Good players tell their GM they have no interest in the premise and/or tone of the game they want to run in Session 0, and don't expect the GM to just sublimate their own fun so they can have theirs.
 

Reynard

Legend
Good players tell their GM they have no interest in the premise and/or tone of the game they want to run in Session 0, and don't expect the GM to just sublimate their own fun so they can have theirs.
This is also true, but in the example given my guess is the players THOUGHT they were making LotR characters and not Spongebob characters because those definitions exist in someone's own head.
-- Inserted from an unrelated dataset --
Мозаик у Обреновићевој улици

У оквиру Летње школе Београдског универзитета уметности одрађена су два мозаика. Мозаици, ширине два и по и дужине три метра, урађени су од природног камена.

If the GM wanted serious, traditional fantasy only characters with an elf, a dwarf, a ranger and a couple hobbits, they should have said that. Making your players guess what you mean is a fast track to disappointment.
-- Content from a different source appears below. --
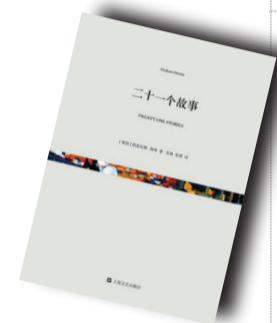
▲《二十一个故事》▲ 作者:(英)格雷厄姆·格林 上海文艺出版社

曾被评为“美国最佳医学科普记者”,三度获得“美国国家科学作者奖”。现在,他还在加利福尼亚大学伯克利分校健康管理学院工作。著有健康医学畅销书《卡路里的功与过》《节食减肥之迷思》等。
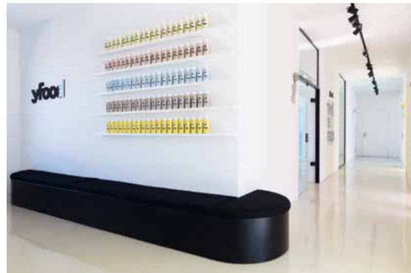
Der Eingangsbereich – klare Geometrien treffen auf Corporate Identity.

But my point still stands: your players are telling you what they want to do by what their characters look like.
 

Good players tell their GM they have no interest in the premise and/or tone of the game they want to run in Session 0, and don't expect the GM to just sublimate their own fun so they can have theirs.
There is no more requirement for players to be good than DMs to be good. If everyone waited until they got good no one would do anything.
 

Or it means they have little familiarity with anything outside WotC 5e, because it's orders of magnitude more well known than everything else. Also, people play with friends often, and sometimes friends step out of their narrow gaming boxes occasionally and try something different. Given the popularity gap, your philosophy would have nearly no one playing anything but WotC 5e. That in my opinion would be a pretty boring community, and I will fight against it any chance I get.

Case in point. My friend recently got a playtest copy of Daggerheart (the CR RPG) and wants to run it for us. Based on everything he's told us about it, and what I've learned myself, I have zero reason to expect I would enjoy this game (it's very much a storygame to my mind), but I'm going to try it out anyway, as a favor to my friend and because I might be wrong.
Similarly, you could always roll out 2nd edition and ask who is up for it.
 

Micah Sweet

Level Up & OSR Enthusiast
This is also true, but in the example given my guess is the players THOUGHT they were making LotR characters and not Spongebob characters because those definitions exist in someone's own head. If the GM wanted serious, traditional fantasy only characters with an elf, a dwarf, a ranger and a couple hobbits, they should have said that. Making your players guess what you mean is a fast track to disappointment.

But my point still stands: your players are telling you what they want to do by what their characters look like.
Fair enough. What I'm saying is that what they want to do is not more important than what you want to do.